Rise and fall of the wagon
From its humble beginning in which it put the world’s families on wheels, the wagon is slowly dying in an age of CUV’s and Crossovers. From its high point during the 50’s and 60’s, the wagon has seemed to have come and gone with the times. But today it seems that it may too face total extinction.
With a fall from favour during the rise of the minivan era, the traditional family hauler has held its own in the automotive marketplace. But now with the death toll from sedans rising, the wagon too should meet the grim reaper of the automotive world. Let’s just hope that it’s not forever though.
Now I may not seem like the greatest supporter of wagons as I do own a CX-9, but this is only due to the fact that didn’t want a minivan. When it comes to my own fun car, I chose a rather wagon-esque Rio RX-V. Sure it may not have the power to throw around, but if it came to a choice between a wagon and sedan, I would still rather take the wagon.
But why did people move away from these once great people movers. This might be the question you really have to ask yourself. And that can all be summed up, in a one word answer. Accessibility. Yes accessibility is what really killed the wagon. Sure the 80’s were made of wagons built off of full size sedans, but when the minivan showed up and brought along its more accessible sliding doors and larger hatch, the wagon seemed like a dinosaur of the time. These larger and more accessible access doors made it easier for consumers to load both their families and luggage into. And it also helped get you back on the road a lot faster as well. This made it seem like the minivan was better than the station wagon. But really was it.
Loading luggage into either vehicle came both with their ups and downs. But trying to load some lumber into the minivan would become a chore rather than ease it was to load your building materials into the wagon. A lower deck and drop down seats made the wagon a lot easier to load, but time would soon change that as well. And consumers were more concerned with the ease of ingress and egress from their vehicles and that is where the van was winning.
Over the next decade the wagon began its long journey towards the scrapyard as the average size of the sedan decreased with each passing year. It wasn’t until 2004 when Dodge reintroduced the Magnum nameplate and brought with it a full size, fully accessible wagon model. Back in 2004 this was unheard of, even in the SUV world, as most of the time were only mid-size models. But Dodge didn’t care as they wanted to bring back the good old days of wagon rides. Of course this would be a short lived love affair as the SUV craze was in full swing. And being that SUV’s were able to do almost what a truck could do, the final nail for wagons was about to be hammered in.
As the markets fell and we came close to a gas crisis again, the need for more fuel efficient models was in full force. And with that companies began work on more fuel efficient engines. This development helped bring down the average fuel economy for companies and gave birth to the modern fuel efficient CUV’s that we have today.

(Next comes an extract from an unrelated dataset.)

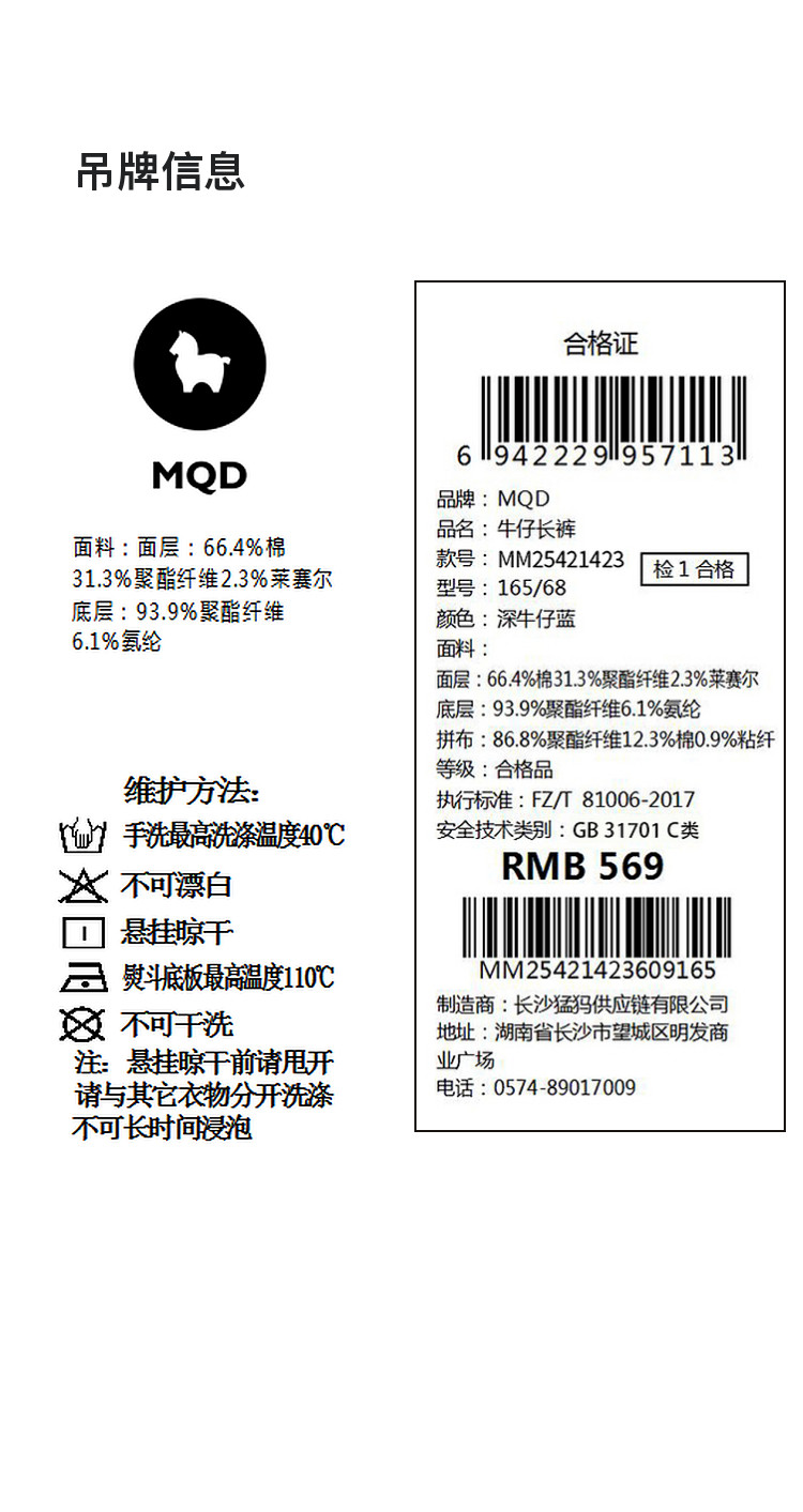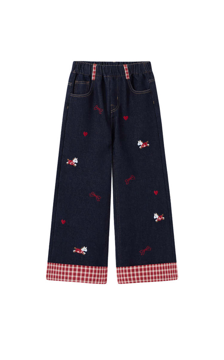 【MQD】童装女大童卡通刺绣小马牛仔裤26春季学院风满版百搭阔腿裤子

After dropping the heavy framed SUV’s from their lineups and moving over to more fuel efficient sedan platforms, companies were finally able to meet the new CAFE regulations. But with that introduction came the final nail in the wagon coffin as both consumers and corporations, were starting to move away from sedans and into their fuel efficient CUV counterparts. Sure the CUV’s of today are more fuel efficient than the SUV’s of the early 2000’s, but they are still not any better than a true wagon.
With the rise of the CUV’s came the fall of the sedan marketplace and with it came the end of the wagon market once and for all. But is it a good thing to kill off this market completely, as todays sedans and wagons are still more fuel efficient than their CUV counterparts. This you would think would be enough to save both markets, but in today’s marketplace that is not the case. As consumer demand is still stronger for CUV’s and Crossovers, than it is for sedans and wagons. Even though you are still safer in a lower riding sedan/wagon than a high riding AWD CUV. This is due to its center of gravity and how the airflow under the vehicle works and the reason why Rally cars are made from hatchbacks and not CUV’s. More airflow underneath will add lift to your vehicle, whereas Rally cars are lower to the ground to decrease their lift. So really in the end a sedan or wagon is safer, but really do people truly care about that. No not really.
The final nail came with the introduction of the Prius and Tesla. This new EV-Hybrid market will finally kill off the sedan/wagon market as now it won’t matter on the weight or size of the engine as to the fuel millage. It will only matter what the consumer wants and it seems that everyone thinks an AWD CUV is still the safer alternative to the standard low riding sedan. Too bad people don’t understand this, because if they did, there would be far less CUV’s and far more wagons.
To all my wagon friends out there I hope that this isn’t the end and that we can make the wagon last forever. But until people realize their safety factor, then we might as well wave a farewell goodbye to a once great segment.